2 German Man Killed by Spider
The tale of 30-year-old Mark Voegel of Dortmund, Germany and his apartment full of insects is so gruesome it is like something out of a horror film. At the very least, it was twisted enough to be featured on the sensational television program 1,000 Ways to Die, narrated by Hellboy himself. According to reports, Voegel was bitten by a black widow spider in his apartment one night, and succumbed to the poison after a period of time. Because he was reclusive, no one bothered to check on him until the smell from his apartment got bad enough that other tenants called police. What police found was his badly decomposed body laying on the ground, being eaten, and lived in, by the various snakes and reptiles he had kept in his own private zoo.

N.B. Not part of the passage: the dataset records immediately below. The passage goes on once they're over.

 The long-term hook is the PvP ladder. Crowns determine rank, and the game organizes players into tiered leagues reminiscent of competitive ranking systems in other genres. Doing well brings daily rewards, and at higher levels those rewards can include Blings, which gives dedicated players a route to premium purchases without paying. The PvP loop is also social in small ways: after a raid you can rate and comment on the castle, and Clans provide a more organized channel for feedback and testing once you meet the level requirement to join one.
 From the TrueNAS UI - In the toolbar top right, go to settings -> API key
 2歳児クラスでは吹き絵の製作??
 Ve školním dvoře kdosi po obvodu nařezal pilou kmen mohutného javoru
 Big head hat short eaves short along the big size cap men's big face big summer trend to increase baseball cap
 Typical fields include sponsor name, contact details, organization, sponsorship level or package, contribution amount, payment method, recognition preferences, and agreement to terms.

As shocking as this story is, that may just be the point; though the story has been published essentially verbatim since 2004 by news outlets as wide ranging as Britain’s Sun tabloid and the Washington Times, there appears to be no actual evidence to either prove or disprove its validity. Whether true or not, the creepiness of the tale, and the potential for it to actually happen somewhere, makes it worthy of this list.

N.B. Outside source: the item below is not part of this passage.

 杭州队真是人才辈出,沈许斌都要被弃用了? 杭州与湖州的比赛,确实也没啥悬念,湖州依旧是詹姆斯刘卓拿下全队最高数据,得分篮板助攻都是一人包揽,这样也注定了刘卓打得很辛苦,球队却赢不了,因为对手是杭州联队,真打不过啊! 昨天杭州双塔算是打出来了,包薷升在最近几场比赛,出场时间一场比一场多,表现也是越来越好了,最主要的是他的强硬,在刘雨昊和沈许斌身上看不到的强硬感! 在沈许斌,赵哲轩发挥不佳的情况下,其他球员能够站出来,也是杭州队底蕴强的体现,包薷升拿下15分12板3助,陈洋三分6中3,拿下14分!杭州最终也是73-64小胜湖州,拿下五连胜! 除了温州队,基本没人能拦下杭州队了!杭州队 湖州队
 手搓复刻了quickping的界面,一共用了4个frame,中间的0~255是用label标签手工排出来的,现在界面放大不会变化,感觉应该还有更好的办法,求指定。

1 Woman Mauled by Friend's Chimpanzee
In a tragic case of wrong place wrong time, or at the very least being a little too helpful with her friends, Charla Nash headed over to her friend of thirty years Sandra Herold’s house in Stamford, Connecticut to help Herold attempt to get her 200 pound pet Chimpanzee back into his cage. At the time, Herold was in her 70s and Nash in her mid-fifties; attempting to physically force a 200 pound domesticated Chimpanzee, named Travis, back into his cage seemed a little daunting. Speculation on the difficulty of the task at hand unfortunately proved valid; soon after a 911 call from the Herold residence lead paramedics to a scene of horror. Parts of Nash’s fingers were strewn across the floor, her face had been severely mauled and paramedics stated her hands “looked as though they were run through a meat grinder.” Herold’s chilling 911 call further demonstrates the violence at the scene, her panic stricken voice claiming that her chimp had “killed (her) friend, and that he tore her apart.” After a long period of rehabilitation, Nash recovered from her injuries, but is severely scarred, wearing a veil to avoid scaring people with her severely disfigured face. While prosecutors did not press charges against Herold for her animal’s attack, Nash’s family filed a $50 million lawsuit against her. Herold died a year after the attack at age 72, while Nash ultimately continued to receive treatments to repair her mauled face, while collecting $4 million from the initial lawsuit in 2013.